I am grateful for the institutions known as Pittsburgh Presbytery and the Presbyterian Church (U.S.A.). They have bequeathed to us a legacy that is far richer, and wisdom that runs far deeper, than anything we could muster on our own. Yet however great their benefits, they continue to be of value to us only in so far as they keep pointing us along the Way. I love the local congregations that have borne witness to Jesus through the buildings that have served as sanctuaries for their worship, classrooms for instructing disciples, and mission outposts in their communities. Yet no matter how vibrant their history, these buildings continue to be of value only in so far as they point us further along the Way.

Buildings and institutions come and go. They serve good purposes for a season, yet they are always means toward ends beyond themselves. Their survival is never a worthy goal.

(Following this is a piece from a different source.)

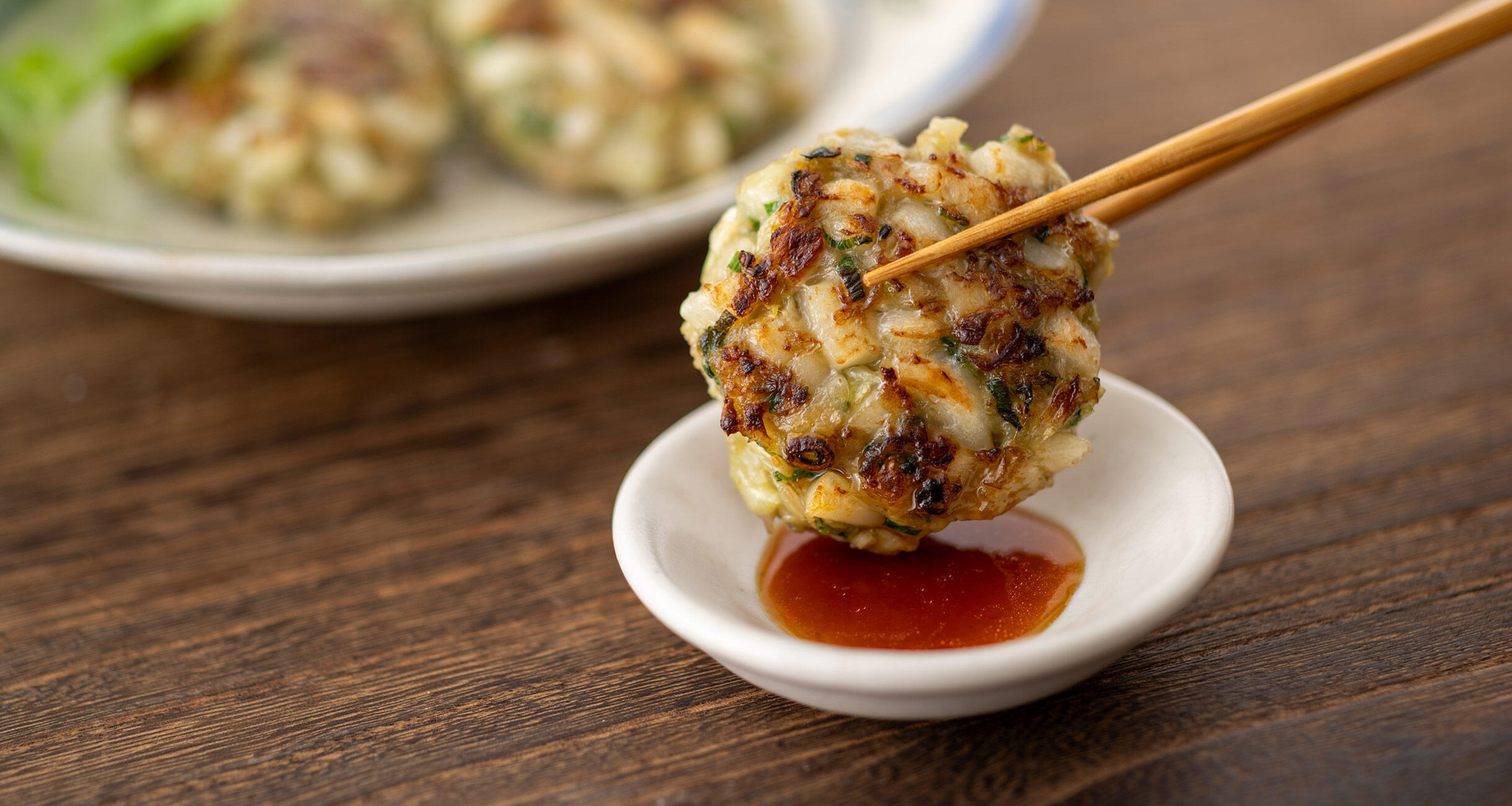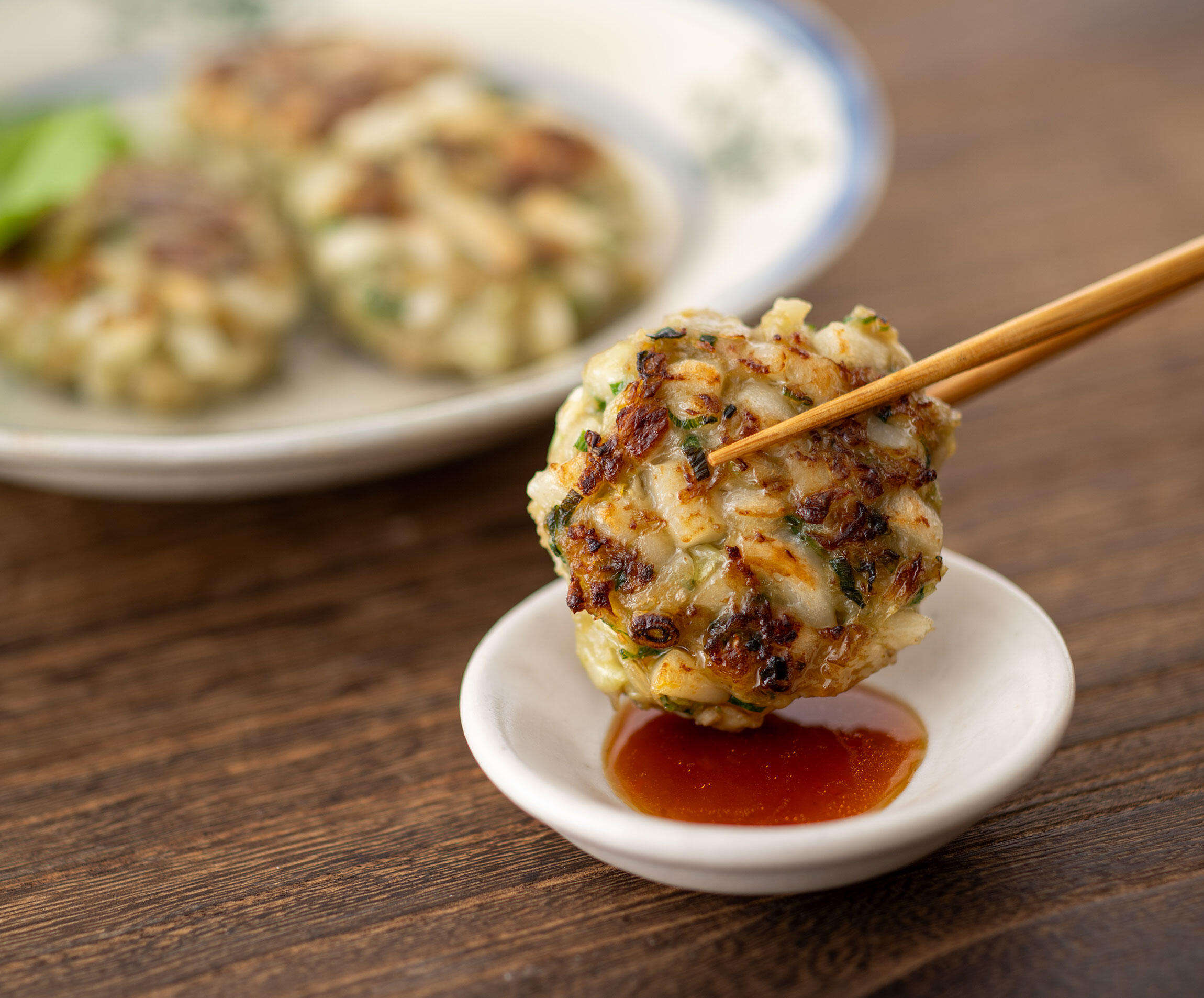 フライパンに胡麻油をひいて弱めの中火にかけ、丸めたあんを並べて焼く。焼き色がついたら返し、蓋をして3分ほど蒸し焼きにする。もう一方の面も焼き色がついたら出来上がり。タレの調味料を好みの割合で合わせて添え、つけて食べる。

Roads endure. Following Jesus leads us to be people of the (road)way. People on the move, guided by the Spirit who is always on the move. More concerned with how and with whom we connect than with where we stand or sit. One mark of authenticity for Jesus’ followers is the ability to identify where they have moved and are ready to move even further. People on the Way are never in a static place. Renewing and transforming our minds are core markers of Christian vitality. (Romans 12:2) Where are we changing? Where are we moving?